For the experiment, twenty 10-week-old mule ducks, clinically healthy and AIV negative, were included in the study, in a BSL3 laboratory with negative pressure isolators, absolute air filtration and more than 2 m2 surface per isolator. Animals were randomly split into four groups to represent the different modalities of transmission. In the first isolator, five ducks were inoculated at day 0 with 106 EID50 H5N8 (A/duck/France/171201g/2017(H5N8)) through choanal instillation (Infected group) with additional 5 non-infected ducks (contact group). Five non-infected ducks were put in an isolator receiving air from the infected group isolator (aerosol group). Five additional non-infected ducks were housed in another isolator into a fully closed system (control group). During the seven following days, ducks were fed and had access to water ad libitum. For each animal, tracheal swabs (TS), cloacal swabs (CS), feather pulp (FP) and blood were sampled at days 0 to check negativity (all samples) and then from day 1 to day 7.

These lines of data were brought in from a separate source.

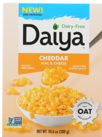
Daiya Deluxe Mac & Cheese selected varieties
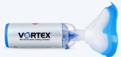
VORTEX with Adult Mask 4 years and up Part No.: 051F8300 HCPCS No.: A4627
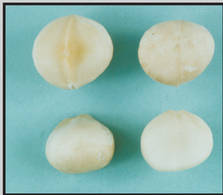
large kernels of good appearance

KERNEL QUALITY Av kernel mass: 2.8 - 3.4g Av kernel %: 35.9 - 43.6% % No.1 kernel: 55.6 - 96.5% Whole kernel: 31 - 76%
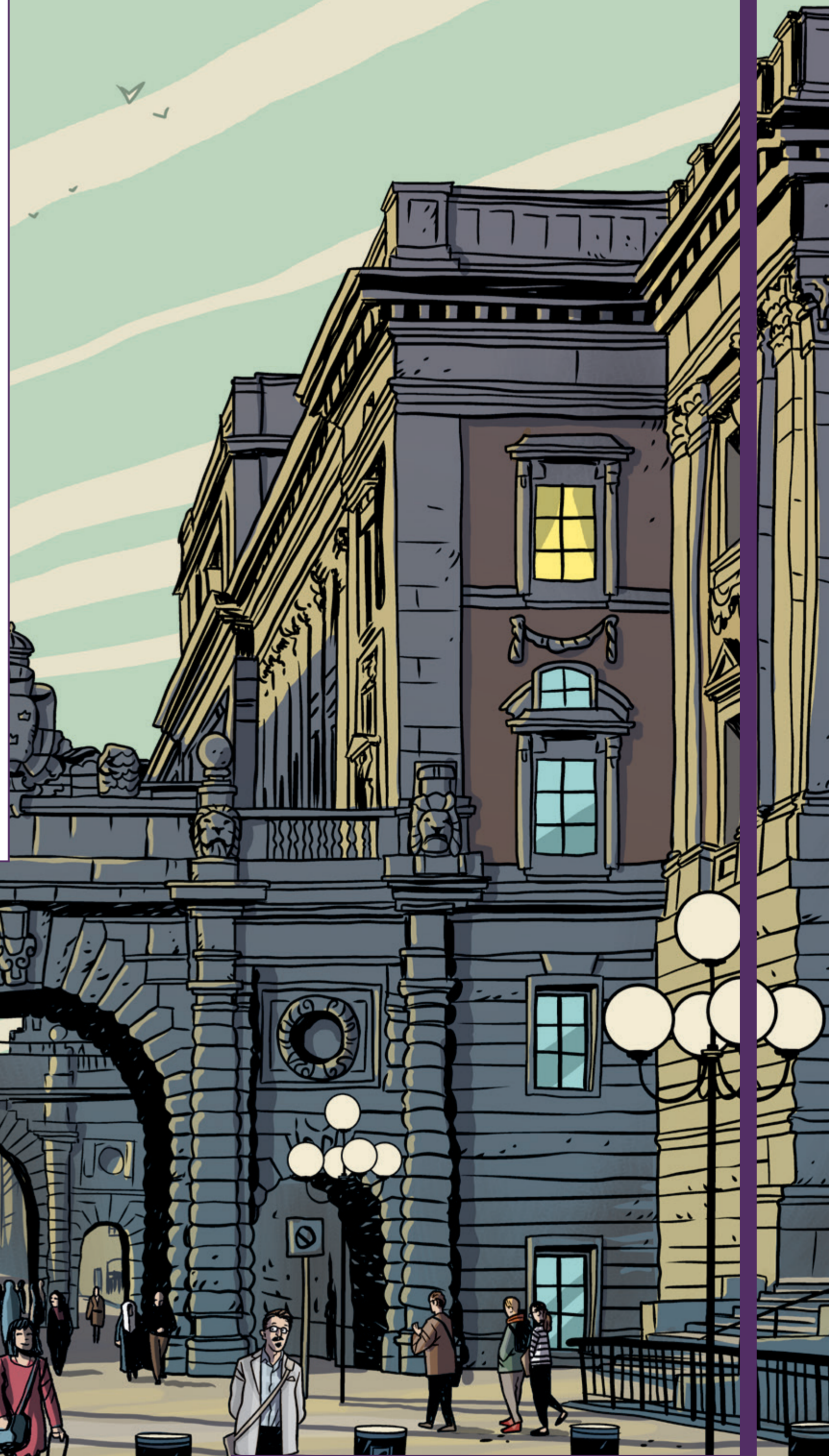
Image: The East and West Wings of the Riksdag on either side of Riksgatan.

All public power in Sweden proceeds from the people.
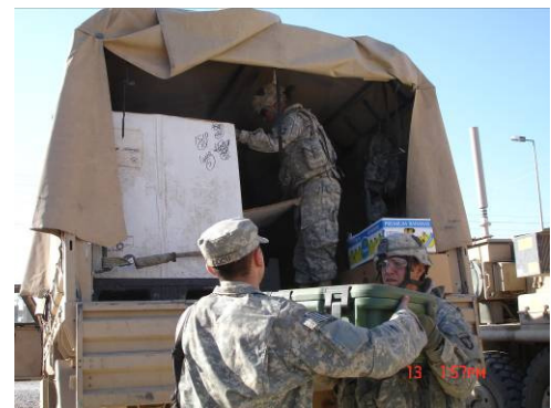
Distribution platoon Soldiers of the Delta Company 526 th Brigade Support Battalion, download rations from a truck at Joint Security Station Ghazaliya 3.
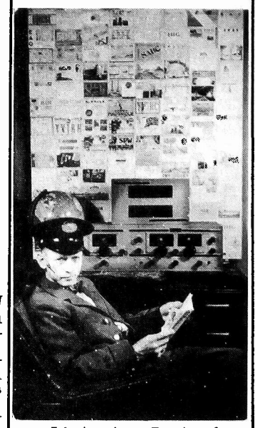
Listening Post of

The 4 mobile motor units in the Lawrence Thaw trans-Asiatic expedition will be able to maintain contact with each other even when separated by distances as great as 200 miles. The equipment will permit short-distance transmission and reception between each of the two trucks, trailer & cruiser sedan by the use of 4 UHF xmtrs. and communication type receivers. 2 medium-high freq. xmtrs. & re-
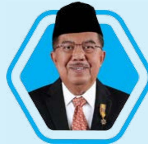
JUSUF KALLA Vice President of the Republic of Indonesia
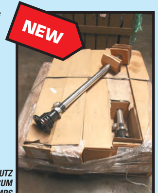
NEW LUTZ DRUM PUMPS
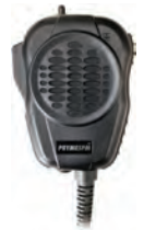
SPM-4205 Storm Trooper® HEAVY DUTY SPEAKER MIC
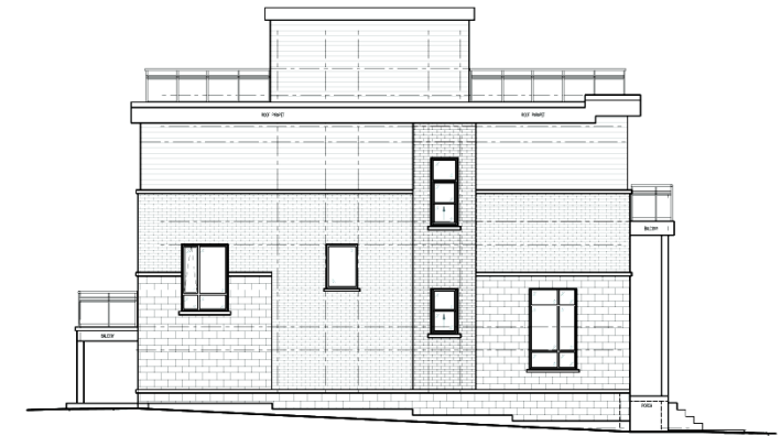
Left Side (West) Elevation

Viral isolation and amplification

To obtain a viral stock for experimental infections, viral isolation and amplification were conducted on feather pulp of an infected mule duck of flock 2 with the highest Cq value on RT-qPCR. For viral isolation, feather pulp was placed in 500 µL of 1X PBS and vortexed for 30 s. Then 150 µL of supernatant at the dilution 1:100 in PBS with penicillin and streptomycin 4X were inoculated to 10-day-old specific-pathogen-free embryonated chicken eggs (INRAE PFIE, Nouzilly, France). Eggs were kept at 37 °C in a humidity chamber during 48 h and then placed at 4 °C overnight. Allantoic liquids were harvested and titrated by hemagglutination assay with fresh and washed chicken red blood cells.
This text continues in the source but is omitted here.